I was just trying to make it up as I went and doing my best to pound the pavement and drum up business. I went back to Legal Aid and pitched myself there. That was a hilarious experience. I was just trying to get projects. At this point, I remember realizing and writing about in the book, I didn’t realize how much work it took to get work. That was a new thing to me. I’ve never had to generate my own business prior to that point. In the end, I got one pro bono, one fully unpaid project with a school in the Bronx.
I learned many things from it, but also in many other ways, wasn’t great for me to grow my business or whatever. They got a good result, but I couldn’t turn it into more paid work. I couldn’t do that. About 4 to 6 months in, I realized, “This isn’t working.

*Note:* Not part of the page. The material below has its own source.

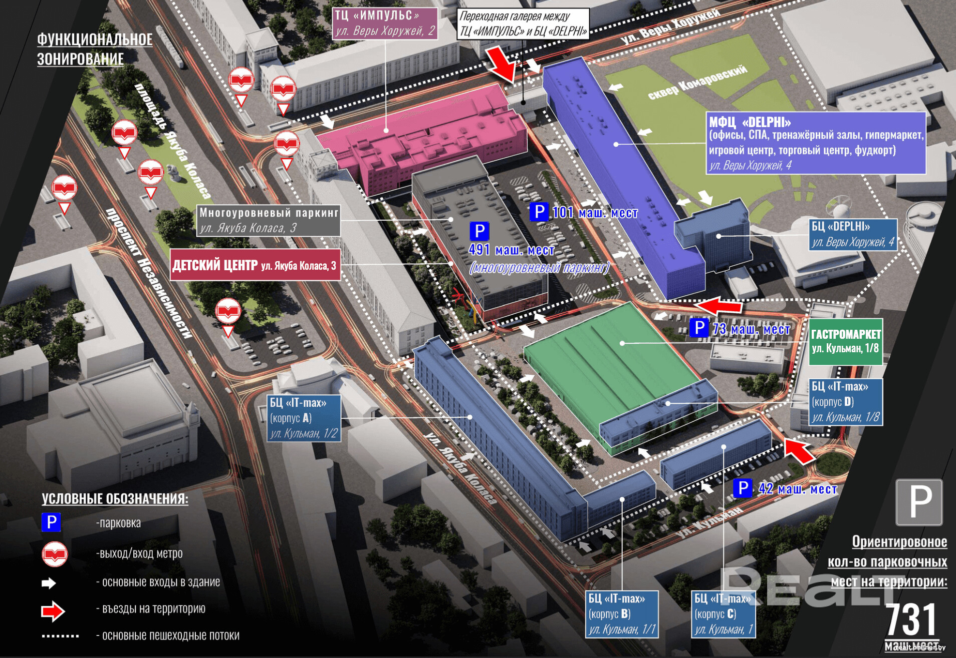- Новая концепция: внутри ИМПУЛЬС полностью преобразится: современный и удобный дизайн интерьера, комфортные павильоны, эскалаторы, навигация, общественные зоны и кафе. Глобальные изменения ожидает целый район, вблизи Комаровского рынка улучшат транспортную инфраструктуру и проведут модернизацию соседних корпусов в современные деловые и торговые центры, что значительно увеличит трафик. Проблема парковки будет решена за счет многоуровневого и наземного паркингов емкостью 590 машиномест.
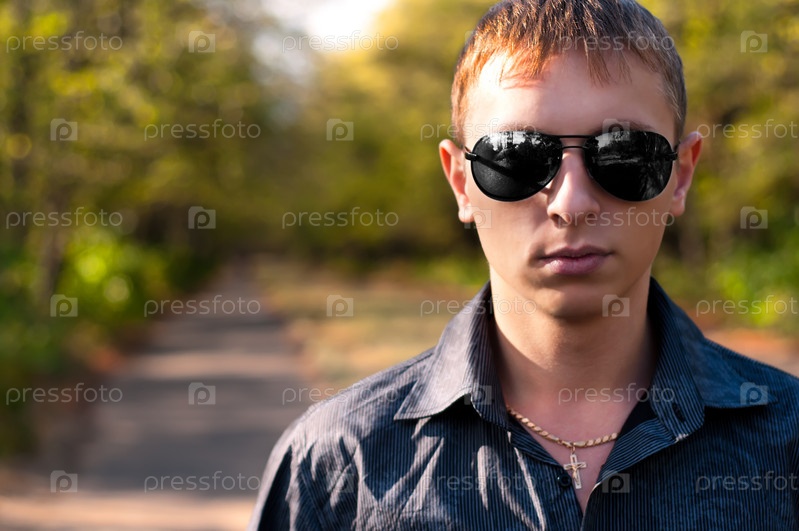 Портрет молодого человека на фоне природы в темных солнцезащитных очках

Something’s not right here.” I was throwing the next spaghetti at the wall. The 2.0 in my business, I was like, my business coach therapist was like, “Why don’t you try doing some training for lawyers? You’re a lawyer. You can teach them.”

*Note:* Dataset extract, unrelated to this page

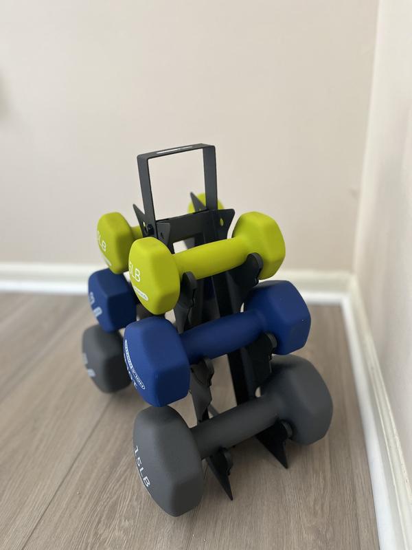 I received this product for free from Influenster in exchange for my honest review. My daughter loves to work out with these. We use them several times per week during our workouts. I just wish the carrier handle was a little softer or cushioned because it's almost useless just by how it hurts the hand. With it being weights, it kind of digs into your hand. If that makes sense. They should rethink that. The stand to store them on is perfect size and saves space. Overall, the weights do their job, so it's fine. Love the colors!

I was like, “I want nothing to do with lawyers. You’re not hearing me. I just want to be somewhere else.” Eventually, after four months of not making any money, you will do some things. I was like, “All right.” She supported me to do this and I taught this mindfulness course that was an ethics CLE, like a continuing legal education course on how to practice mindfulness as a lawyer to improve your practice. I recorded this training for one of the large providers of these kinds of training and thousands of people watched it. Overnight, 2,000 people watch the training and I was like, “That’s interesting.” I didn’t get paid for this, but there is demand.

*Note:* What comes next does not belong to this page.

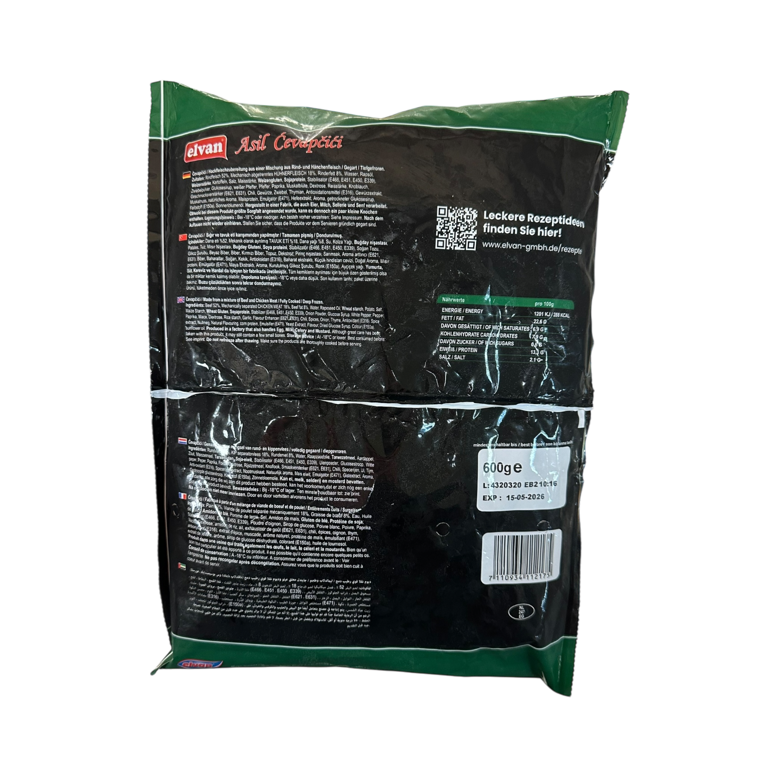 Elvan Cevapcici sind saftige, würzige Fleischröllchen aus hochwertigem Rind- und Hühnerfleisch, perfekt gewürzt und sofort tiefgekühlt. Ideal zum Grillen oder Braten – für ein authentisches Geschmackserlebnis der Balkan-Küche, das schnell und einfach zubereitet werden kann.

Where did you put it up? Did you put it up on YouTube?
No. It was through this company called Lawline. They’re one of these providers of CLE credits, and different firms would contracts with them. The course took off overnight. I was like, “There’s something here.” I built the 2.0 in my business around doing mindfulness training. In-person, series, in a law firm, independently, I was just trying all the iterations of that. That, too, ended up failing, but that’s a different story.
What was 3.0?
The 3.0 was the career coaching. At this point, I’d been doing the mindfulness training with a little more success, but still, I was like, “Something’s not right here.” I’ve been doing that for, I don’t know, maybe 6 or 8 months or something like that. I was making some money and getting some traction, but I also realized I wasn’t turning people into repeat clients. I realized it wasn’t building a sustainable business. I missed working with people one-on-one. I’m a big introvert and I really just like a one-on-one conversation.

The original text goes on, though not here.